Dès la fin de cette période de transition, les premières plaintes ont été déposées et les premières amendes menacent de pleuvoir sur les retardataires. Le nouveau règlement va profondément impacter les entreprises qui traitent et stockent les données personnelles des citoyens de l'UE. Et dans un monde numérique affranchi des frontières, même les entreprises situées en dehors de l’Europe, qui traitent avec un partenaire européen, sont concernées, comme par exemple le Royaume-Uni, qui est tenu de s’y conformer, malgré le processus de Brexit.

Le montant des amendes peut atteindre 4% du chiffre d'affaires annuel mondial de toute entreprise contrevenante, ou 20 millions d'euros – le montant le plus élevé étant retenu. Même si l’échéance est désormais dépassée, il est encore temps pour les entreprises de s'assurer qu’elles sont prêtes. Et vu le montant que peuvent atteindre les amendes, mieux vaut vérifier deux fois qu’une, en suivant cette liste de préconisations.

Partager l’information avec tous les collaborateurs

Pour gérer l’entrée en vigueur du RGPD, certaines entreprises et organisations ont nommé des délégués à la protection des données (DPD), et initié une véritable ruée pour ce type de profil. Un DPD est à la fois un expert et un défenseur du RGPD : il incite l’entreprise au grand complet à adopter les bonnes pratiques en la matière, et peut aussi recommander des outils pour faciliter la sauvegarde des données en cas d'attaque de l'entreprise.

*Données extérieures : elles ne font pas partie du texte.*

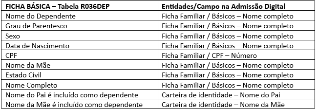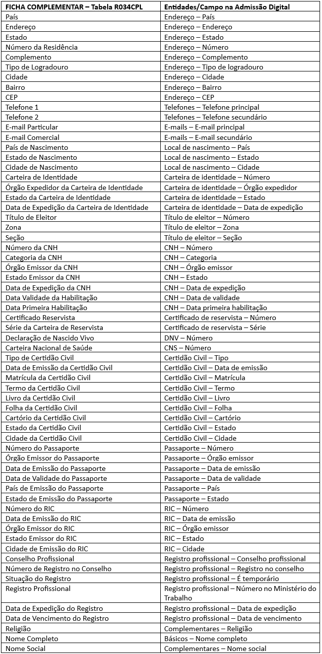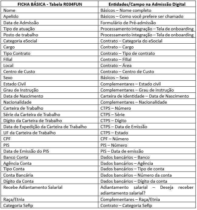 Hoje ao todo existem 105 campos nativos que integram entre os produtos Admissão Digital x Administração de Pessoal conforme as tabelas abaixo:

Les entreprises qui choisissent de ne pas faire appel à un DPD doivent néanmoins garder à l’esprit que le RGPD touche l’ensemble de leurs activités, et donc s’assurer que toutes les parties prenantes ont une parfaite compréhension de ce qu’implique et impose la nouvelle réglementation et son impact sur les activités de l’entreprise.

Faire un audit complet des données

Il est indispensable, à l'heure actuelle, pour les entreprises de tout savoir des données personnelles dont elles disposent, l’endroit et la façon dont elles sont stockées, et leur provenance. Elles doivent également savoir la raison pour laquelle elles détiennent ces informations et la façon dont elles se les sont procurées, des éléments sur lesquels les agences chargées de l’application du RGPD en local n’hésiteront pas à les questionner.

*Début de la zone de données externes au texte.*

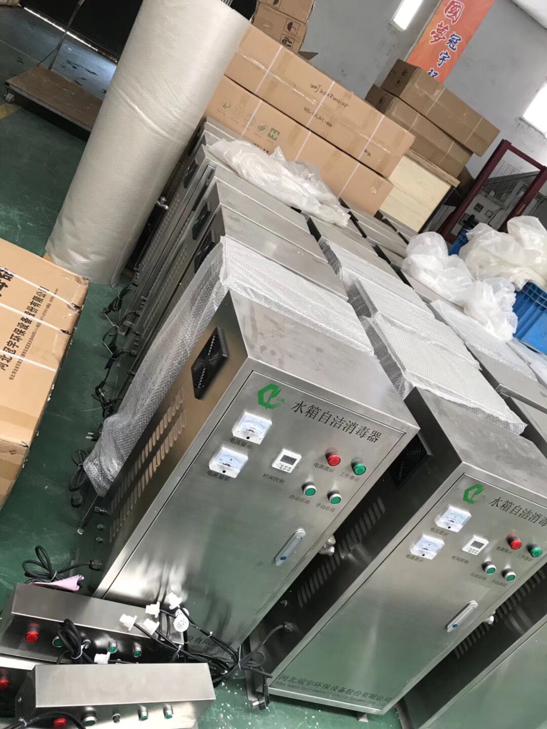水箱自洁消毒器利用氧气或空气通过高频高压电场转化为臭氧,臭氧充分与水混合,以达到杀灭水中病毒、细菌、微生物等有害物质。

Les entreprises qui n’ont pas encore une parfaite connaissance de leurs données doivent impérativement trouver des réponses à ces questions encore en suspens. Car, depuis le 25 mai, la loi stipule qu’il est obligatoire pour elles de justifier la base juridique qui sous-tend les activités de traitement de leurs données. Et il n’y aura pas d’indulgence, de la part des autorités, à l'égard des entreprises victimes d’un piratage informatique et qui ne pourront pas assurer la sécurité des informations qu’elles stockent.

Réévaluer les droits régissant la protection de la vie privée

Ce que le RGPD a introduit de plus novateur est le renforcement des droits des citoyens sur leurs données. Un chiffre met particulièrement bien en perspective cette évolution :  Google a reçu 2,4 millions de demandes de suppression de résultats dans son moteur de recherche durant les trois dernières années. Et ce nombre devrait augmenter rapidement à mesure que les internautes vont prendre conscience de leur droit à l’oubli.

Dès maintenant, les citoyens vont pouvoir demander à consulter leurs données ou à les récupérer pour eux-mêmes, dans un format adapté à l’usage individuel. Il y a un risque que ce droit ne surcharge l’activité quotidienne des entreprises ; c’est pourquoi il est important pour elles de connaître la localisation de chaque point de données pour y accéder rapidement et ne pas perdre trop de temps et de ressources dans cette tâche.

Prévoir les fuites de données avec un plan de secours

Le RGPD stipule que les organisations ont 72 heures maximum pour signaler toute fuite de données découverte. C’est un laps de temps assez court, surtout lorsqu’on sait que les jours qui suivent un piratage sont toujours très chargés, entre l’enquête criminelle et la lutte contre toute nouvelle intrusion. C’est pourquoi il est important de déployer les bons processus qui permettent de détecter, de signaler et de contrer un piratage, le cas échéant, à l’image d’un logiciel de reporting ad hoc par exemple. Cela permet aux entreprises de gagner du temps en préparant leur rapport de conformité si elles connaissent l’emplacement des référentiels de sauvegarde. Si elles sont victimes d’un logiciel malveillant rendant les données indisponibles, il peut être facile de les restaurer avec une solution de récupération.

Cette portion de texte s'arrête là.